While The Lost Code was enjoyable, I had two huge issues: Owen’s age and the year. Owen’s age is never given, but judging from the cover, I assumed he’d be 17/18. …the way he sounds in the book, however, I could easily mistake him for 12/13. In fact, all of the characters I’d peg for tweens or early teens. Although there isn’t any sex in the book, Owen wonders whether or not his crush and her ex were ‘screwing.’ I don’t know any 18-year old who says that. The whole summer camp setting combined with the way the characters spoke made it really difficult for me to think of them as being the age of the models on the cover of the book.

We stayed away from the Strip, but I remember being able to see the fire from my window, watching it go for days, and almost thinking it was beautiful. I mean, not actually beautiful but…you know how you feel like if the world is going to end, you want to be there to see it? You want to know what comes next?

The other issue I had was with the year the story takes place. Again, it’s never stated, although there were some clues. One of the leaders reads a story to them (a little hard to picture older teens being read to). That story is The Narrative of Arthur Gordon Pym of Nantucket, the only novel Poe wrote. It’s mentioned that it was ~like, 250 years old~ (Another problem I had with the novel was the overabundance of the word ‘like.’) I’m a HUGE fan of Poe’s, guys. LOVE him. Hearing that this new world is only 250 away from one where Poe lived was mildly confusing. Poe lived between 1809 & 1849. So The Lost Code takes place somewhere between 2059 and 2099. ..2059 is only 47 years away. The Earth changed that much in less than 50 years? SEVENTY PERCENT of the population (7 billion people, y’all) wiped out in a few decades?

Also, assuming this book takes place in 2059, I’m a little confused as to why there were cryos – kids at the camp who were frozen before the world went to hell. Lilly said she was born in 2046. Seeing as how she was frozen as a teen, does that mean her parents paid an insane amount of money for her to be frozen for only a few years? This baffled me even more when Lilly (along with the other cryos) reminisce about fruits and vegetables that used to exist. Owen would have been well aware of those foods.

In the large stretches of blank ocean were little sea monster sketches. Things with serpent backs or giant mouths. Paul didn’t seem like the type to waste his time doodling. Maybe he had brought in a cartographer or something. Maybe the monsters were because it got boring sitting down here drawing for hours on end.

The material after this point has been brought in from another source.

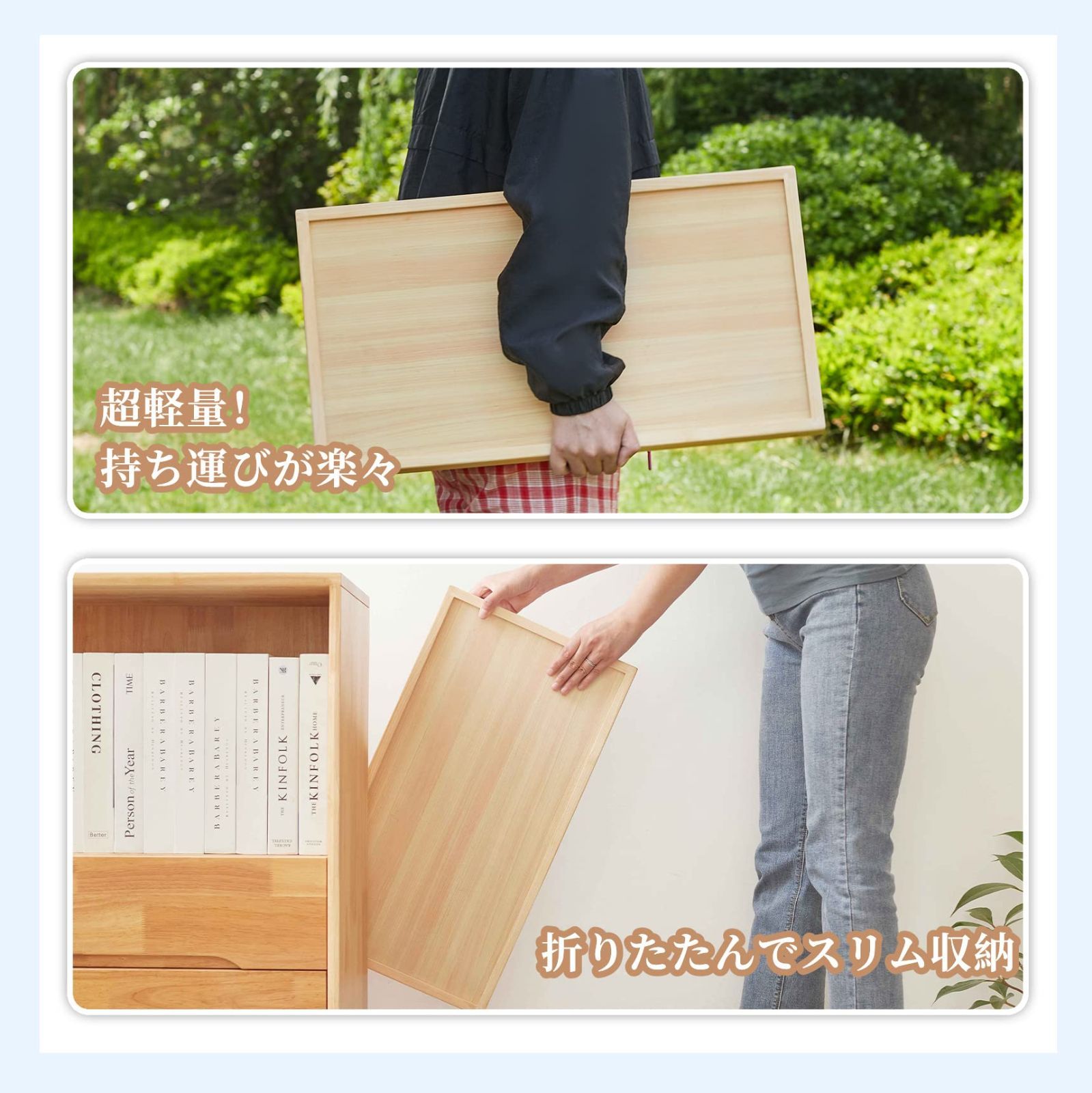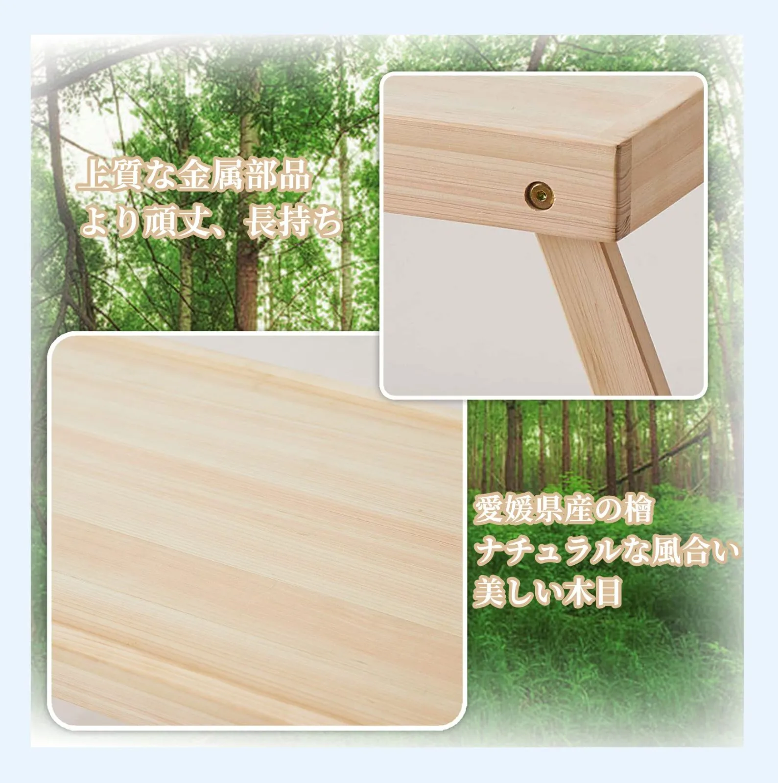 素材: 愛媛県産の檜で作られた無塗装の折りたたみローテーブルです。ヒノキの豊かな香りの中、抗菌・抗カビ・防虫・防ダニ効果が期待できます。シンプルでオシャレな外観です
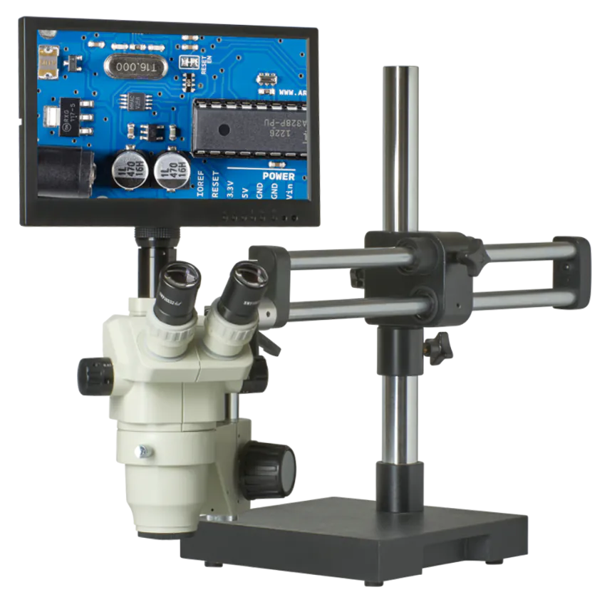 This high quality combination includes OptixCam's high resolution CX-3 1080p LVDS microscope camera/display with Omano's top of the line OM99-T trinocular stereo zoom microscope head and premium V15 dual-arm boom stand. With excellent optics throughout the microscope system, it is an industrial inspection system that can also be used as a standard optical microscope using the included super wide field, SWF10x eyepieces.

Seeing as how the series is called The Atlanteans, you’d think Atlantis would be pretty prominent, right? HA. It’s not until the end of the book that Atlantis turns up and even then it’s only through odd visions of Owen’s. The Atlantis aspect was what originally drew me to this book and, sadly, the parts I found myself skimming over.

I couldn’t connect with any of the characters; the only person at the camp I held some interest in was Leech, the cabin bully. But even he came across as a chubby little child in my mind. I just cannot picture these characters as adults.

While reading other reviews, a few readers said they figured things out way before Owen. I can say that’s certainly the case, though I hadn’t realized it due to lack of interest on my part. I couldn’t bring myself to care about these people. It’s clear readers are meant to get emotional during certain scenes and I just…didn’t.

And that romance? It was certainly a case of instalove on Owen’s part – Lilly is a beautiful, older girl with green bangs. One day they’re strangers, the next she’s flirting with him and he starts daydreaming of them running away together.

With all the complaining I’m doing, it sounds like The Lost Code is a terrible book and it’s not. It was fun and I enjoyed it. However, it’s not without it’s flaws and certain aspects (if the world outside the domes is so dangerous, how is it the kids are fine laying out and looking at the sky at the end?) made it hard for me to stay in the story.

Although it was amusing while it lasted, I can’t see myself continuing with the series.